◆ Task requirements ◆
From the line with "Die neue Küche" to the line with "大會執(zhí)行主席、陸軍", retype every line exactly, including those two, and leave out the rest of the data below.

◆ Record extracts ◆
--------------------

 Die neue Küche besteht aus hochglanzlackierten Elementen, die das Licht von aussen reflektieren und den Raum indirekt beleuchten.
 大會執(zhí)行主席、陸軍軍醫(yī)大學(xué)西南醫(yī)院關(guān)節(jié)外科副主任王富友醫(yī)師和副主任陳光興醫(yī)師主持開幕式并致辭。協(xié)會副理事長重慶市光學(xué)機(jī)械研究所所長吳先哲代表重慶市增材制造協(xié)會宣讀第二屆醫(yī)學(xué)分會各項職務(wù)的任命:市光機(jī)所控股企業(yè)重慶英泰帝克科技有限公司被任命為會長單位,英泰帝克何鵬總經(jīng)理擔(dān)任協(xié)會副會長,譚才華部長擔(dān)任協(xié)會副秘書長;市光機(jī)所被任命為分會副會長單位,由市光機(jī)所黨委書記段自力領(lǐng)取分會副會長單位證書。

--------------------

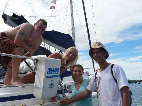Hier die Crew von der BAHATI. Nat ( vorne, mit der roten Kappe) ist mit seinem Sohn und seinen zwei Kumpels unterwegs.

--------------------

◆ Response ◆
 Die neue Küche besteht aus hochglanzlackierten Elementen, die das Licht von aussen reflektieren und den Raum indirekt beleuchten.
 大會執(zhí)行主席、陸軍軍醫(yī)大學(xué)西南醫(yī)院關(guān)節(jié)外科副主任王富友醫(yī)師和副主任陳光興醫(yī)師主持開幕式并致辭。協(xié)會副理事長重慶市光學(xué)機(jī)械研究所所長吳先哲代表重慶市增材制造協(xié)會宣讀第二屆醫(yī)學(xué)分會各項職務(wù)的任命:市光機(jī)所控股企業(yè)重慶英泰帝克科技有限公司被任命為會長單位,英泰帝克何鵬總經(jīng)理擔(dān)任協(xié)會副會長,譚才華部長擔(dān)任協(xié)會副秘書長;市光機(jī)所被任命為分會副會長單位,由市光機(jī)所黨委書記段自力領(lǐng)取分會副會長單位證書。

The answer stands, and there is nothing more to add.